Show that \(A^TA \neq AA^T\) in general. (Proof and demonstration.)
Here we take a generalized 2x2 matrices with elements (a,b,c,d) and show how changing the order of multiplication with it’s transpose provides different results unless (a,b,c,d) meet specific criteria.
Here we transpose A.
\[ A= \left[ {\begin{array}{cc} a & b \\ c & d \\ \end{array} } \right] \]
\[ A^T= \left[ {\begin{array}{cc} a & c \\ b & d \\ \end{array} } \right] \]
Here we multiply \(AA^T\) and \(A^TA\)
\[ AA^T= \left[ {\begin{array}{cc} a^2+b^2 & ac+bd \\ ac+bd & c^2+d^2 \\ \end{array} } \right] \]
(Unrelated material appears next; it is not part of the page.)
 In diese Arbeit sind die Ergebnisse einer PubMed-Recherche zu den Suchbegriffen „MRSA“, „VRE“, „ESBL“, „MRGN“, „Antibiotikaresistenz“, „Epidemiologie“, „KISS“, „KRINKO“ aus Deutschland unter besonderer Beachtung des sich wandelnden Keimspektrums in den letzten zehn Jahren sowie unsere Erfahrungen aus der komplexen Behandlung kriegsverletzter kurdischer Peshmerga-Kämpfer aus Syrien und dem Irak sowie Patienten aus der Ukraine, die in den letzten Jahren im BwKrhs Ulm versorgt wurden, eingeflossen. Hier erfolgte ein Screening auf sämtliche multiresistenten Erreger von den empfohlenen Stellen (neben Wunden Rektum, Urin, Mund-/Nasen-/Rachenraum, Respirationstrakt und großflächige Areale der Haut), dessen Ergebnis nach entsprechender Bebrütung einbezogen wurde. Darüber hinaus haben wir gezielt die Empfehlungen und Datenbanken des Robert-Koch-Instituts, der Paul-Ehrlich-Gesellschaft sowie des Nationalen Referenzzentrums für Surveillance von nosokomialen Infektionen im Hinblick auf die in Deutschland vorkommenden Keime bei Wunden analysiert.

\[ A^TA= \left[ {\begin{array}{cc} a^2+c^2 & ab+cd \\ ab+cd & b^2+d^2 \\ \end{array} } \right] \]
When we set the matrices equal to each other element-wise we get
three equations that must be true for the two orders of multiplication
to be true. An obvious case is if b=c
. However not in all
cases will they be equal, so we have proved \(AA^T\neq A^TA\)
\(a^2+b^2=a^2+c^2\)
\(c^2+d^2=b^2+d^2\)
\(ac+bd=ab+cd\)
Since not for all values of (a,b,c,d) will the three equations above be true, we have proved \(AA^T\neq A^TA\)
We’re going to demonstrate this with a simple matrix.
Here we transpose B.
\[ B= \left[ {\begin{array}{cc} 1 & 2 \\ 3 & 4 \\ \end{array} } \right] \]
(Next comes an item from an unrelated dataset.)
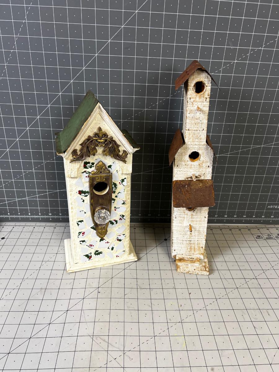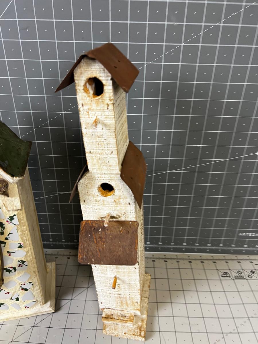 1 is missing a piece of its base. Good Condition. A little Weathered.

\[ B^T= \left[ {\begin{array}{cc} 1 & 3 \\ 2 & 4 \\ \end{array} } \right] \]
Here we multiply \(BB^T\) and \(B^TB\)
\[ BB^T= \left[ {\begin{array}{cc} 1^2+2^2 & 1*3+2*4 \\ 1*3+2*4 & 3^2+4^2 \\ \end{array} } \right] \]
\[ B^TB= \left[ {\begin{array}{cc} 1^2+3^2 & 1*2+3*4 \\ 1*2+3*4 & 2^2+4^2 \\ \end{array} } \right] \]
Here we multiply \(BB^T\) and \(B^TB\)
\[ BB^T= \left[ {\begin{array}{cc} 5 & 11 \\ 11 & 25 \\ \end{array} } \right] \]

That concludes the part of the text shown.